Illinois law allows a business to incorporate and be identified as its own legal entity. An incorporated business acts in its own name, whether buying and selling property, agreeing to contracts or exercising legal rights. The office of the Secretary of State is the agency that receives applications for incorporation in Illinois, and they must be completed in conformity with certain guidelines.

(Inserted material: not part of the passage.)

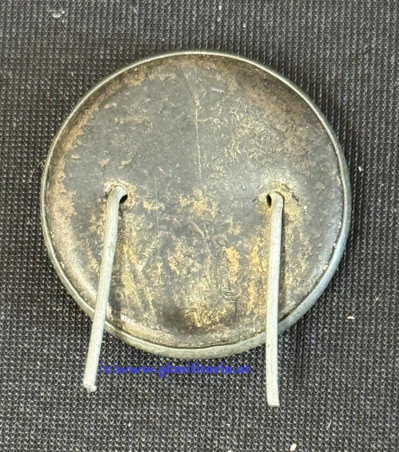 k.u.k. Kappen-Kokarde Kaiser Karl ! - feldgrau lackiert - schwarz hinterlegt - mit 2 originalen Splinten - stammt aus einen größeren Hortfund - guter Zustand!

Benefits of Incorporation in Illinois
Certain advantages inure to a business in Illinois that has incorporated over one that has not. First, a corporation's liabilities can never go beyond the amount invested in the business by the owners. Without incorporation, the personal property of business owners is at stake should the company become unable to fulfill its debts. A corporation might also find it easier to finance itself through loans, allowing creditors in the Chicago Heights area to evaluate their investment by assessing the corporation rather than the individual credit-worthiness of its owners. Finally, a corporations charter requires that ownership be divided into stakes or "shares" of stock, all of equal size. This makes the process of transferring control much more practical.
Costs of Incorporation
These benefits come at a price. First, incorporation in Illinois may require a filing fee. Second, a corporation pays taxes just like any other entity. In other words, the profits a corporation makes are now taxed separately, while any disbursements to shareholders are taxed as individual income. This is called double taxation. However, a business might avoid this disadvantage with proper planning and assistance from a local Chicago Heights lawyer.